For ages, posters on forums like Reddit have used “/s” at the end of a post to indicate sarcasm. But the history of tone indication is much older.

In her book “Eats, Shoots & Leaves: The Zero Tolerance Approach to Punctuation,” the grammar historian Lynne Truss describes how, in 1575, a British printer named Henry Denham created a punctuation mark called the “percontation point,” a reversed question mark meant to indicate that a question was rhetorical. (“It didn’t catch on,” Ms. Truss writes.)

A century later, in his 1668 work “An Essay Towards a Real Character, and a Philosophical Language,” the Anglican clergyman and philosopher John Wilkins proposed that ironic statements could be indicated with an inverted exclamation mark.
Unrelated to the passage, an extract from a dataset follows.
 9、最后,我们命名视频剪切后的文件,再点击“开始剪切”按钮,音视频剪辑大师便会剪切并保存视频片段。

“Wilkins’s choice of the ¡ seems most appropriate,” Keith Houston writes in his book “Shady Characters: The Secret Life of Punctuation, Symbols, and Other Typographical Marks.” “The presence of an exclamation mark already modifies the tone of a statement, and inverting it to yield an i-like character both hints at the implied i-rony and simultaneously suggests the inversion of its meaning.”
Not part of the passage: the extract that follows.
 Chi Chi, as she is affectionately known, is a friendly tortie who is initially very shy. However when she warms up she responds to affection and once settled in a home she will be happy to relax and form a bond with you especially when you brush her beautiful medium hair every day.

That didn’t catch on either. “Wilkins’s invention was not only the first of many proposed irony marks, but also the first of them to fail,” Mr. Houston writes.

In 2010, a company in Michigan called Sarcasm, Inc. released the “SarcMark,” essentially a dot inside of a squiggle. It was marketed as “the official, easy-to-use punctuation mark to emphasize a sarcastic phrase.” Initially sold as a font download for $1.99, it’s now available for free as a sticker pack for iMessage.
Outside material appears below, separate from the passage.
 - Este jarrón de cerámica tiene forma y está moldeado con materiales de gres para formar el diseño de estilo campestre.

In a 2001 post, the blogger Tara Liloia proposed that tildes might be used to indicate sarcasm.

“The closest thing to a sar­casm mark is the wink­ing smi­ley — and he is­n’t really a pro­fes­sional tool. You can’t write a missive to a busi­ness as­so­ci­ate with little cutesy ASCII faces in it. It’s just not done,” she wrote. “And no one can claim that sarcasm isn’t professional. If the amount of sarcasm in the American workplace is any indication, sarcasm is nothing but professional!”

“My solu­tion,” she concluded, “is the tilde. ~”

While the tilde also never reached critical mass, cutesy emoji faces achieved global dominance, even among business associates. They’ve been around nearly as long as internet communication itself: The smiley face emoticon “:-)” is generally credited to a 1982 message from Scott E. Fahlman, a computer science professor at Carnegie Mellon University, after a misunderstanding that occurred when a colleague posting on the proto-internet service ARPANET made a dry joke about mercury contaminating an elevator shaft.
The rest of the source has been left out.